[[ SUPPLIED MATERIAL, beginning ]]

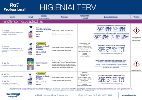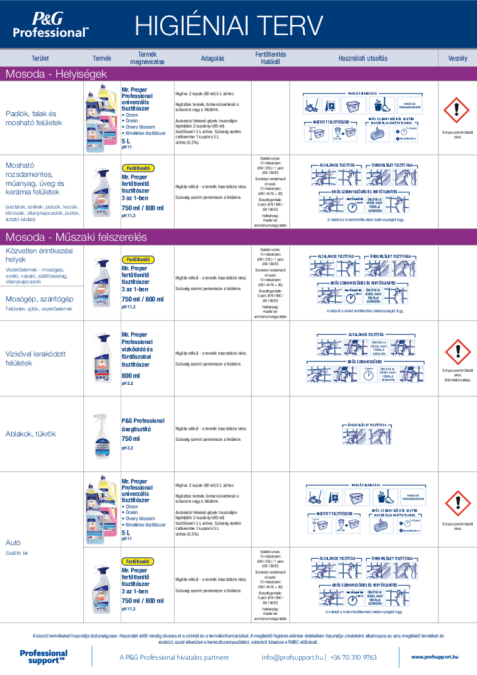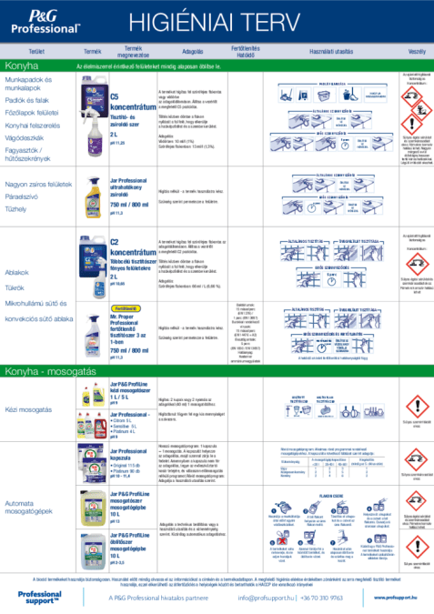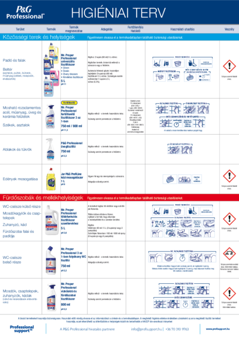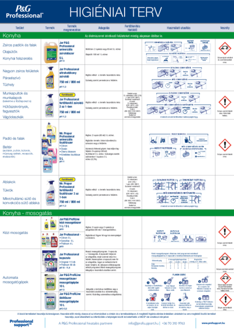 Örömünkre szolgál, hogy az üzeme takarításához a biztonságos, egyszerű és a P&G Professional hatékony rendszerét választotta. Ez a rendszer a hatékony mosogatás, zsíroldás és egyéb szennyeződések eltávolítása érdekében a Jar Professional és a Mr. Proper Professional termékek erejét hozza el.
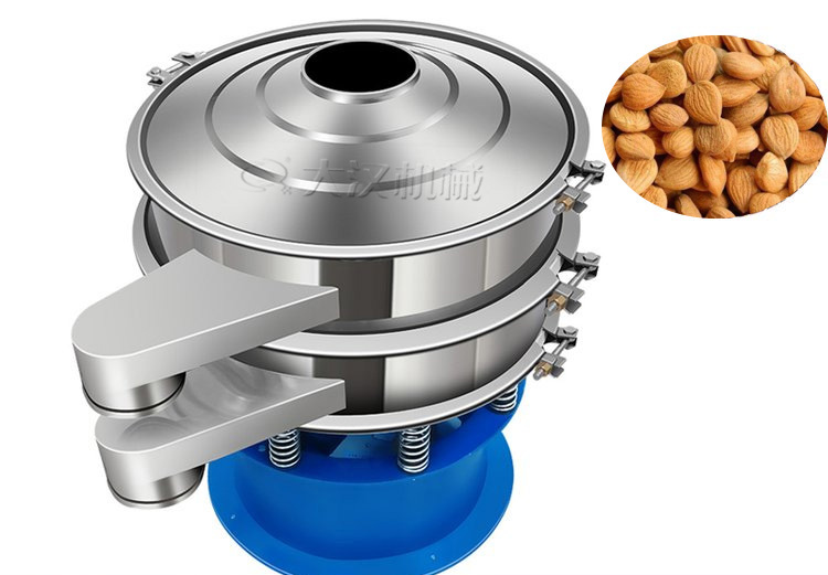 杏仁旋振篩與杏仁接觸部分采用304食品不銹鋼材質(zhì),用于去除和杏仁混在一起的杏仁殼以及砸核過(guò)程中被壓碎的碎果仁。
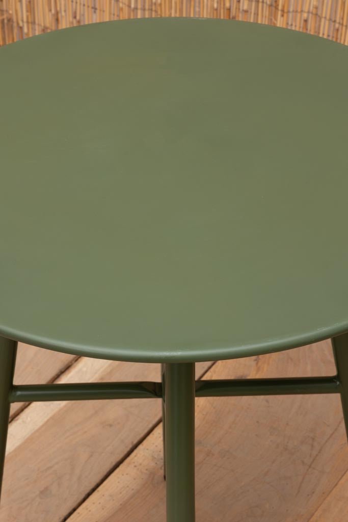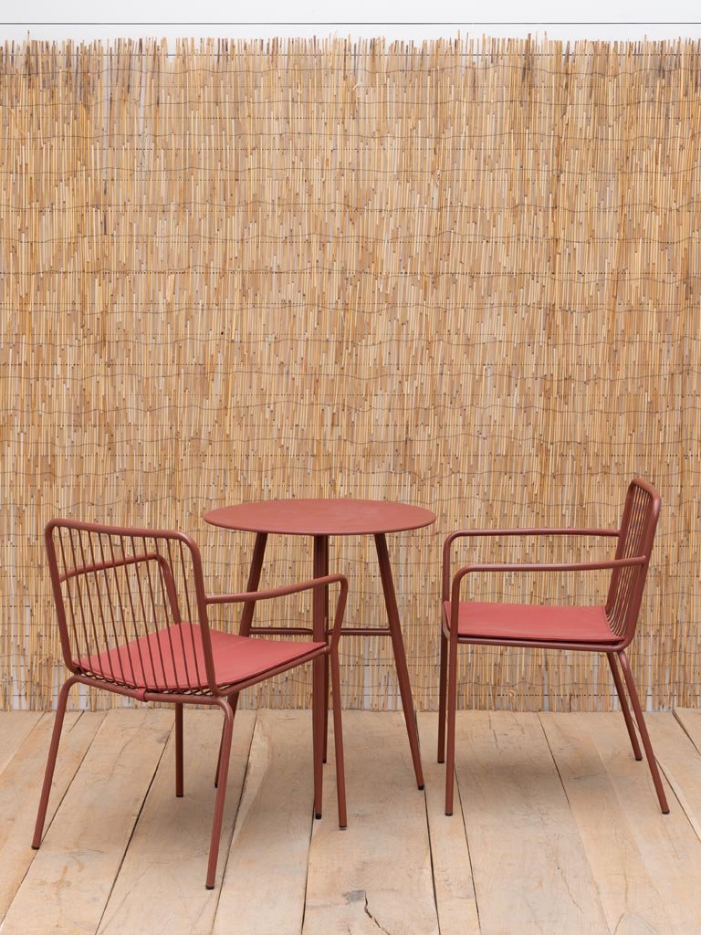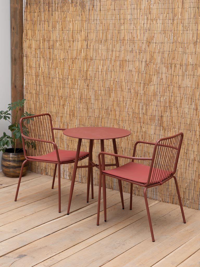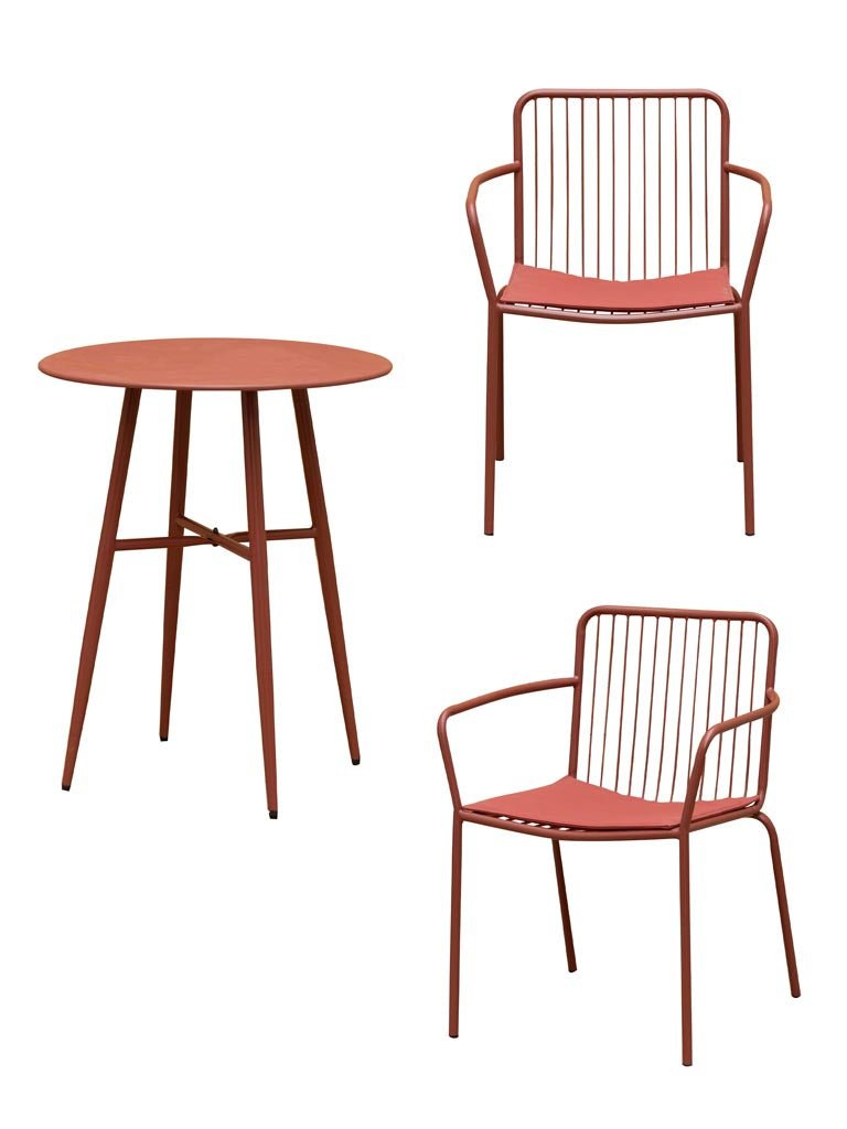 Precioso conjunto de mesa y dos sillas fabricadas en hierro color verde, rojo y azul.

[[ SUPPLIED MATERIAL, end ]]

__REQUIREMENT__:
Before copying the data, remove the pictures. Then repeat the rest exactly.

__RESULT OF THE EXERCISE__:
 Örömünkre szolgál, hogy az üzeme takarításához a biztonságos, egyszerű és a P&G Professional hatékony rendszerét választotta. Ez a rendszer a hatékony mosogatás, zsíroldás és egyéb szennyeződések eltávolítása érdekében a Jar Professional és a Mr. Proper Professional termékek erejét hozza el.
 杏仁旋振篩與杏仁接觸部分采用304食品不銹鋼材質(zhì),用于去除和杏仁混在一起的杏仁殼以及砸核過(guò)程中被壓碎的碎果仁。
 Precioso conjunto de mesa y dos sillas fabricadas en hierro color verde, rojo y azul.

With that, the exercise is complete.